Disk Full		Indicates that the system partitions (not the Client Accelerator RiOS data store) are full or almost full.
Endpoint Datastore		Indicates whether the number of endpoint clients with data store errors has reached the rising threshold. By default, this alarm is enabled.
Endpoint Filesystem Full		Indicates whether the number of endpoint clients with File System Full errors has reached the rising threshold. By default, this alarm is enabled.
Endpoint Firewall		Indicates whether the number of endpoints with firewall status has reached the rising threshold. By default, this alarm is enabled.
Endpoint Gen Id Error		Indicates whether an Endpoint Gen Id error was detected. By default, this alarm is enabled.
Endpoint NFS		Indicates whether there has been an NFS error. By default, this alarm is enabled.
Endpoint Service		Indicates whether the number of endpoint clients with service errors has reached the rising threshold. By default, this alarm is enabled.
Endpoint SSL Error		Indicates whether there has been an SSL error. By default, this alarm is enabled.
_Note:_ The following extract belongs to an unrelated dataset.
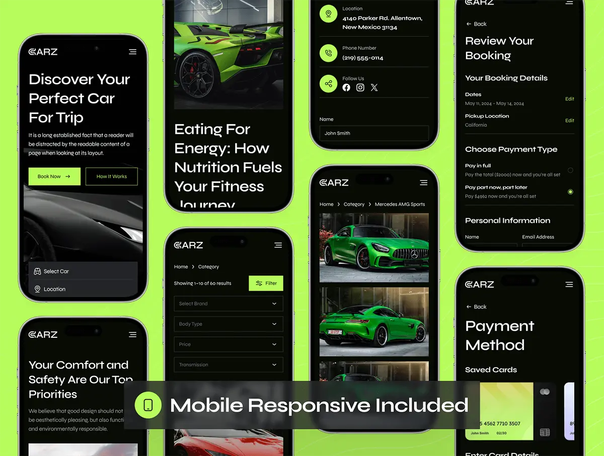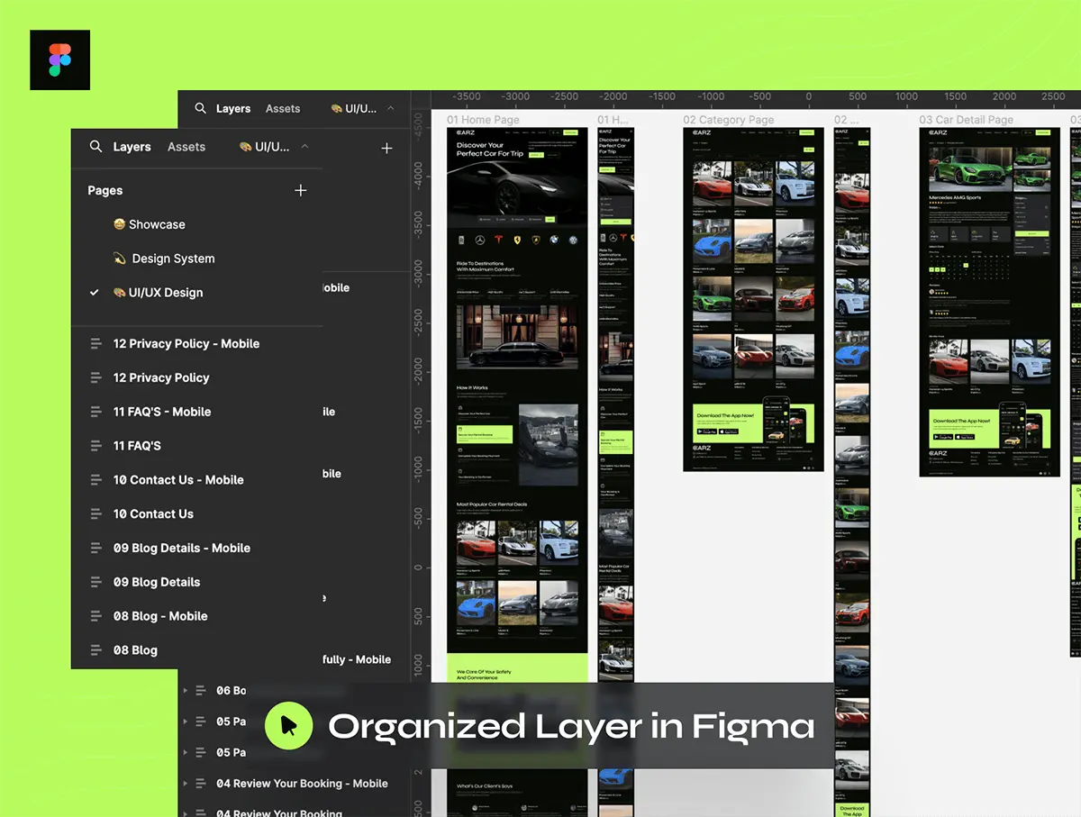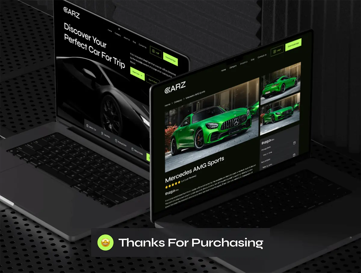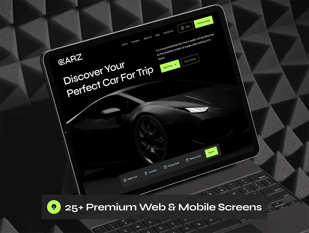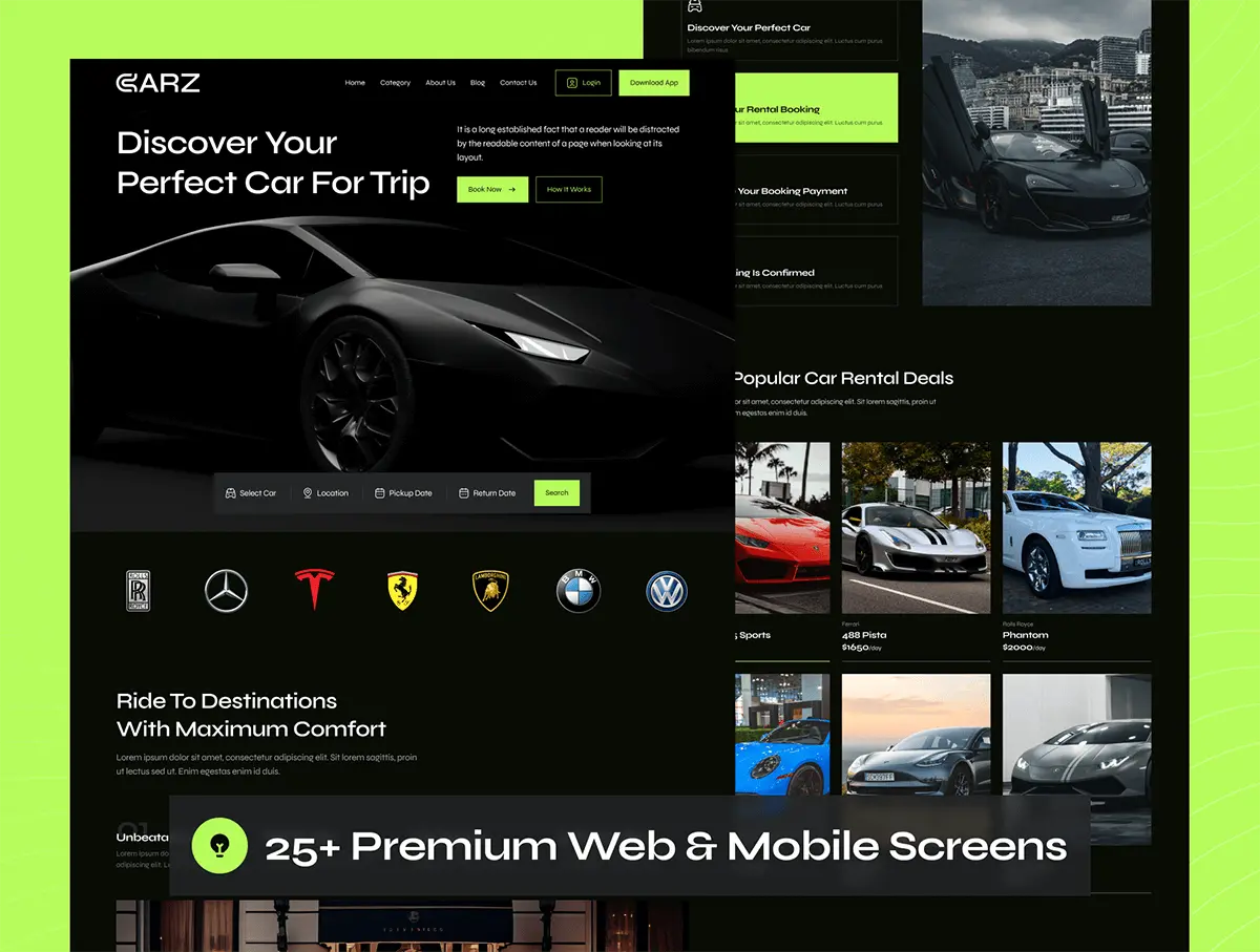 汽车豪车跑车租赁平台网站响应式网页界面设计ui套件模板 CARZ – Car Rental Website UI Kit

Endpoint Version		Indicates whether there is a mismatch between software versions in your network. If a software mismatch is detected, resolve the mismatch by upgrading or reverting to a previous version of the software. By default, this alarm is enabled.
Endpoint License		Indicates whether the number of connected endpoint licenses (including desktop licenses) has exceeded the licensed limit. For details about updating licenses, see Maintaining Client Accelerator Controller.
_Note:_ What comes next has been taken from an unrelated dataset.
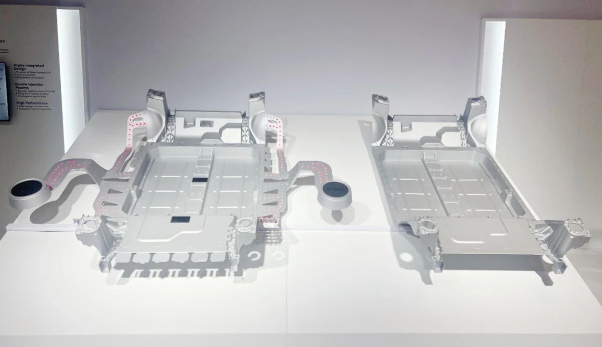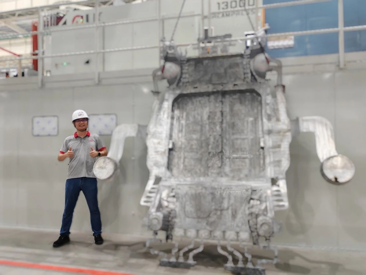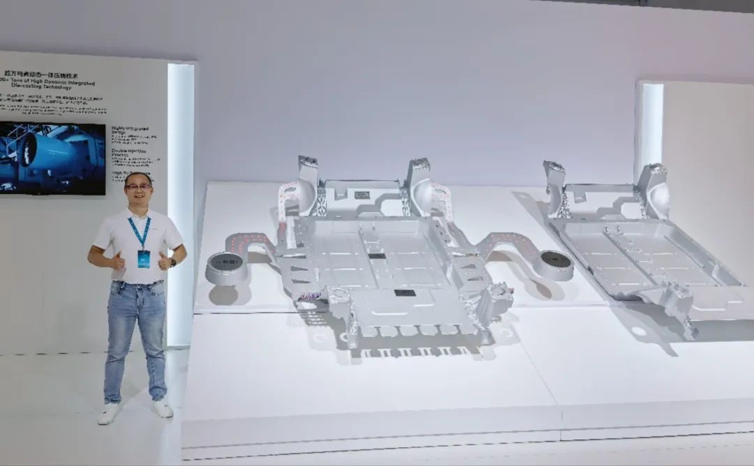 肖榕總工在超大型壓鑄件旁留影 安全守護,高性能保障 在高性能保障方面,奇瑞汽車采用了高強度、高流動性的新材料,使屈服強度和抗拉強度分別提升至≥150MPa和≥300MPa,分別比目前行業的高出24%和22%。此外,高動態壓射系統還進一步提升了材料的延伸率,達到44%的顯著提升。 降本增效,高集成設計 該技術還實現了高集成設計。通過優化零件結構,奇瑞汽車將原本需要150多個零件組成的部件集成為一個整體。這一設計不僅大幅提升了零件的扭轉剛度,還顯著降低了成本,實現了22%的成本下降。同時,車身重量也減輕了20%,精度提高了15%,為汽車的輕量化、高效化提供了有力支持。

Hardware	Either Critical or Degraded, depending on the state	• Fan Error—Indicates that a fan is failing or has failed and must be replaced. • Flash Error—Flash Error - Indicates an error with the flash drive hardware. At times, the USB flash drive that holds the system images might become unresponsive; the controller continues to function normally. When this error occurs, you can’t perform a software upgrade, as the controller is unable to write a new upgrade image to the flash drive without first power-cycling the system. To reboot the appliance, go to the Administration > Maintenance: Reboot/Shut Down page or enter the CLI reload command to automatically power cycle the controller and restore the flash drive to its proper state. • IPMI—Indicates an Intelligent Platform Management Interface (IPMI) event. (Not supported on all appliance models.) This alarm triggers when there has been a physical security intrusion. These events trigger this alarm: – chassis intrusion (physical opening and closing of the appliance case) – memory errors (correctable or uncorrectable ECC memory errors) – hard drive faults or predictive failures – power cycle, such as turning the power switch on or off, physically unplugging and replugging the cable, or issuing a power cycle from the power switch controller By default, this alarm is enabled. • Memory Error—Indicates a memory error: for example, when a system memory stick fails. • Power Supply—Indicates that an inserted power supply cord does not have power, as opposed to a power supply slot with no power supply cord inserted. • RAID—Indicates that the system has encountered RAID errors (for example, missing drives, pulled drives, drive failures, and drive rebuilds). Provides status information for individual drives on the system. – RAID Disk 0 Status – RAID Disk 1 Status For drive rebuilds, if a drive is removed and then reinserted, the alarm continues to be triggered until the rebuild is complete.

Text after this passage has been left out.